How to complete this task
For the entries that follow, retype exactly the lines from the one containing "Fabio Fognini, who" to the one containing "Two young teens", inclusive, and only those. Images stay out of the copy.

Data extract

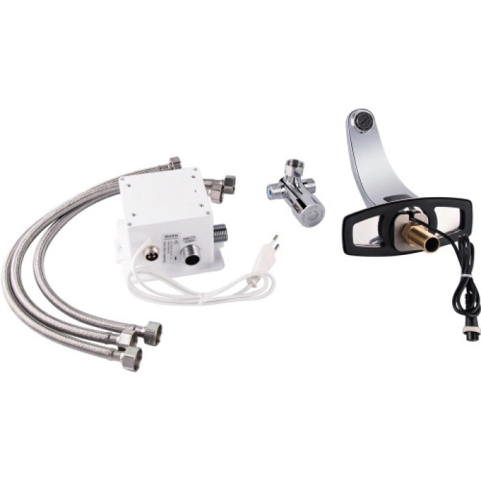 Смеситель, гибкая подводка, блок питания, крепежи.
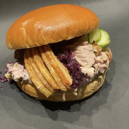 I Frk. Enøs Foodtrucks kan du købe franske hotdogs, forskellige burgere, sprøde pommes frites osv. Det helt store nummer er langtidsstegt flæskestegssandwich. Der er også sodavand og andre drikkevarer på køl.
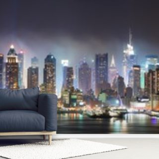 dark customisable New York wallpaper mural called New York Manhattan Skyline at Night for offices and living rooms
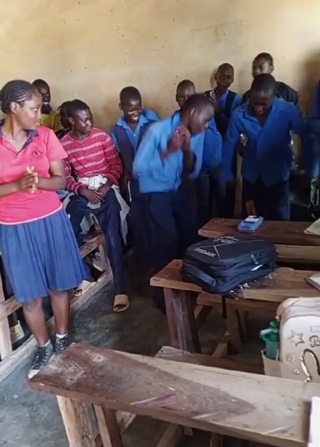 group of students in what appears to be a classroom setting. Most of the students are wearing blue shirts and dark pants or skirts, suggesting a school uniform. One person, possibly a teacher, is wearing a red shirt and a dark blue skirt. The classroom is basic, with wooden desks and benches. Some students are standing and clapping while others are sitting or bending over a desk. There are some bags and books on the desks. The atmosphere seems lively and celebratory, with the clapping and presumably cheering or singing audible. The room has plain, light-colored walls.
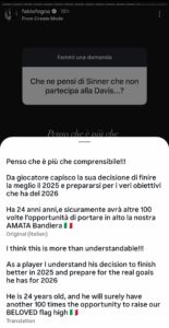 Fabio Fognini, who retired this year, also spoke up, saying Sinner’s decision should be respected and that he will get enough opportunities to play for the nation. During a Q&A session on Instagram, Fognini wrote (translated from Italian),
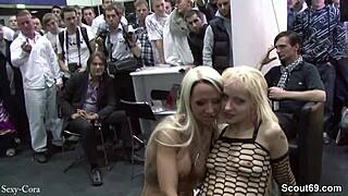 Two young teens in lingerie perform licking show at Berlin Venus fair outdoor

...

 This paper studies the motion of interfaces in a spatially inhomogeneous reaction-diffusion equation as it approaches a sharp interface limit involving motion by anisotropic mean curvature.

Written answer
 Fabio Fognini, who retired this year, also spoke up, saying Sinner’s decision should be respected and that he will get enough opportunities to play for the nation. During a Q&A session on Instagram, Fognini wrote (translated from Italian),
 Two young teens in lingerie perform licking show at Berlin Venus fair outdoor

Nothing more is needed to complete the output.